The Drowsy Chaperone is a dream of a musical.By Dennis Brown
For many a Broadway musical today, spectacle is the name of the game. But the ambitions of The Drowsy Chaperone, which continues cavorting at the Fox Theatre through Sunday, are so modest that when the curtain rises, we are in the dark. Literally. The evening's earliest laughs are only heard. But be patient: There will be plenty to see soon enough.
The premise here (after the lights come up) is that we are visiting the drab apartment of a nameless yet ardent musical theater aficionado. As this rather sad little guy, who is only identified as Man in Chair, plays the original record of the 1928 Gable and Stein musical romp The Drowsy Chaperone, that once-wonderful show (you remember it, don't you? Of course you do!) is restored to life through his imagination. The brides and bridegrooms, butlers, Lotharios and gangsters who once made Chaperone the pre-Depression-era toast of Broadway return to strut their stuff. We are treated to tap dancing, blindfolded roller-skating and surprises galore.

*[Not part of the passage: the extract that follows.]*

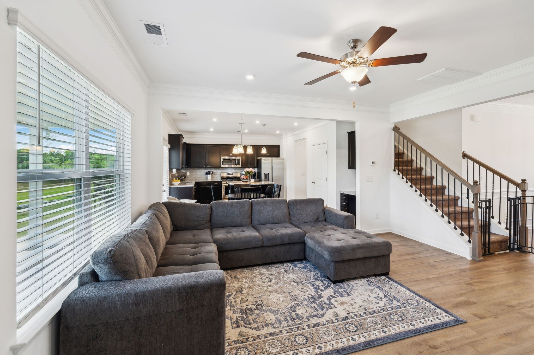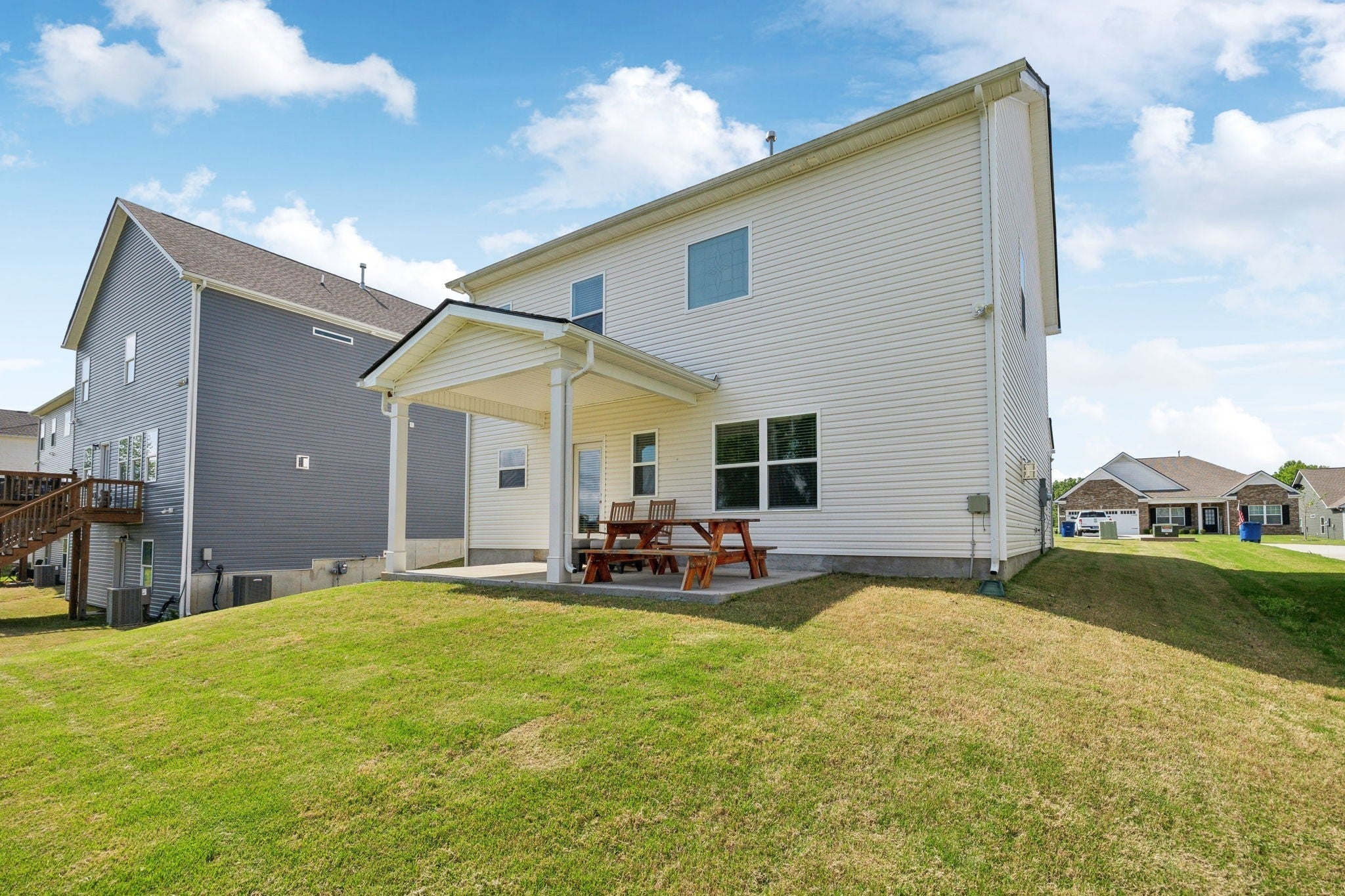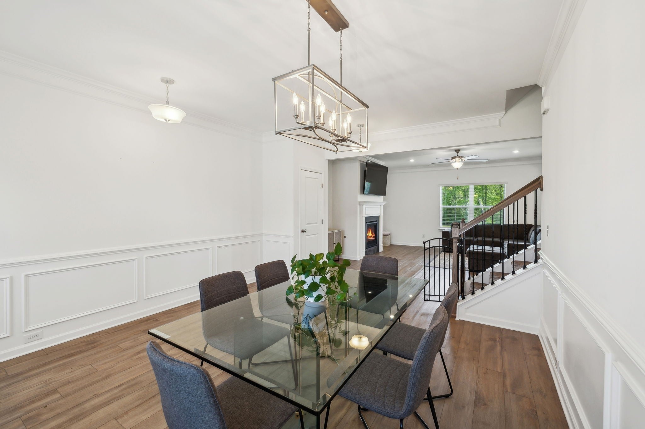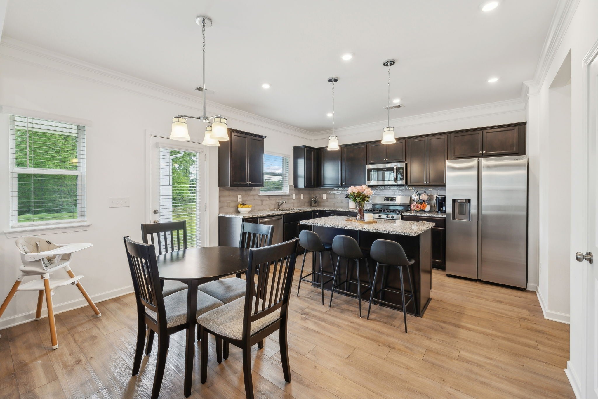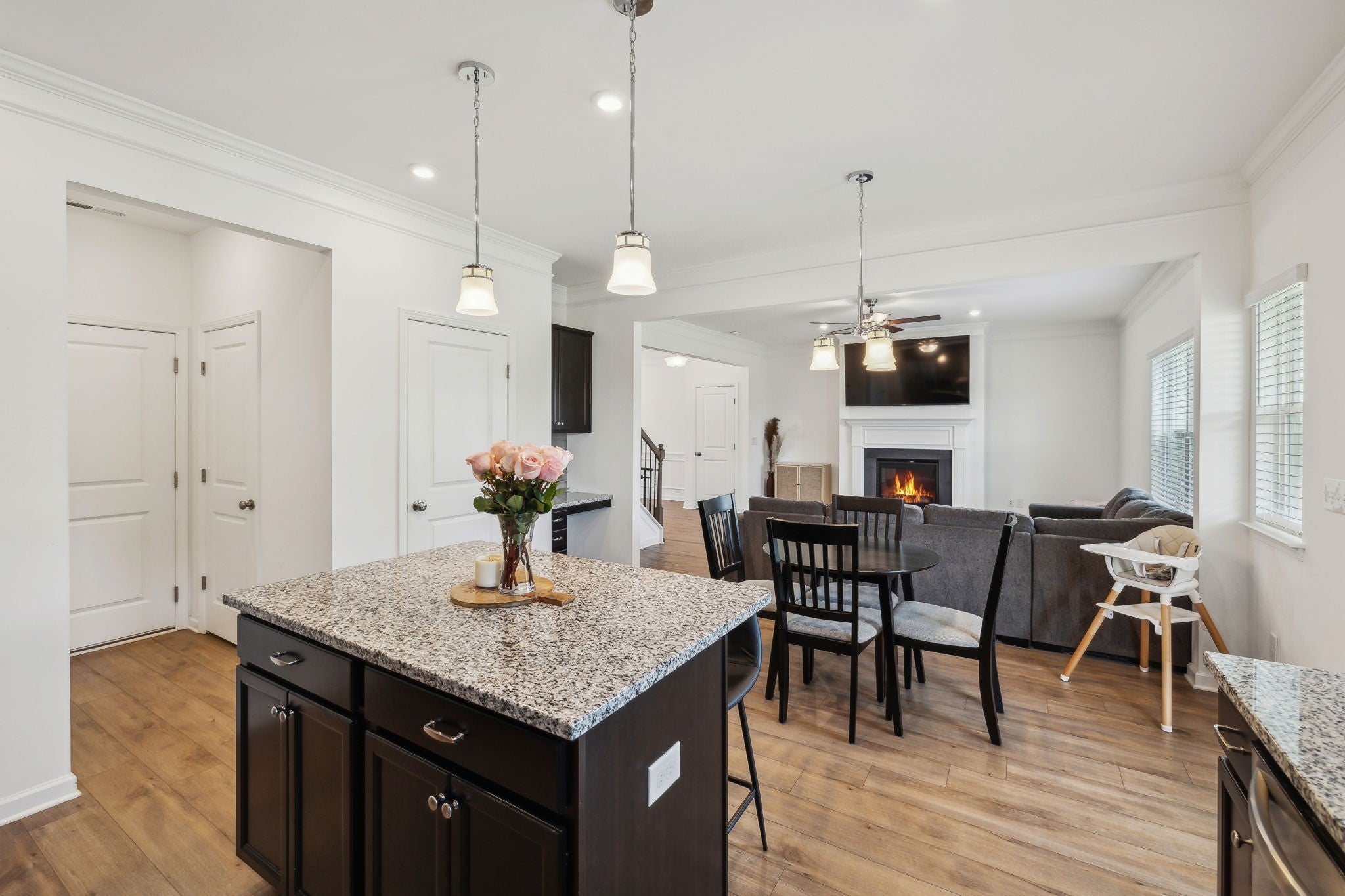 Welcome to this beautiful, like-new 4-bedroom, 2.5-bathroom home in the sought-after Union Station Subdivision! Built only three years ago and nestled in a peaceful cul-de-sac, this home offers fantastic curb appeal and a serene setting you’ll love coming home to. Inside, you’ll find a well-maintained, open-concept layout featuring luxury vinyl plank flooring throughout the main living areas. The formal dining room with classic wainscoting sets the scene for memorable gatherings, while the spacious living room boasts a sleek, white-mantled gas fireplace- perfect for cozy evenings. The kitchen is ideal, with granite countertops, rich espresso cabinetry, an island with seating, and a gas stove. A built-in desk area provides an ideal nook for remote work or homework. The convenient half bath on the main level is perfect for guests. Upstairs, retreat to the expansive primary suite complete with dual walk-in closets, a large double vanity with ample storage, a relaxing garden tub, and a walk-in tiled shower. Three additional bedrooms share a full bath featuring a double vanity and a separate toilet/shower area- perfect for busy mornings. The laundry room is also upstairs, making daily chores a breeze. Step outside to enjoy an open backyard with lush greenery and a covered patio- ideal for unwinding in the shade, as you take in beautiful Tennessee sunsets. With a serene, country feel yet just minutes from Shelbyville Square’s shopping, dining, and amenities, this home truly has it all. Schedule your private tour today! Washer, dryer, refrigerator and water softener/filtration system remain.

We only see the highlights of that vintage operetta, but half a musical is better than none, right? Of course right, especially when those highlights are so wittily introduced by our pithy host. This restored Chaperone has been invigorating Broadway for nearly eighteen months now, and the tour is brand-new. St. Louis is only its third stop, so the production is still sharp and crisp. Grateful kudos to Mike Isaacson at Fox Theatricals for getting it here so promptly.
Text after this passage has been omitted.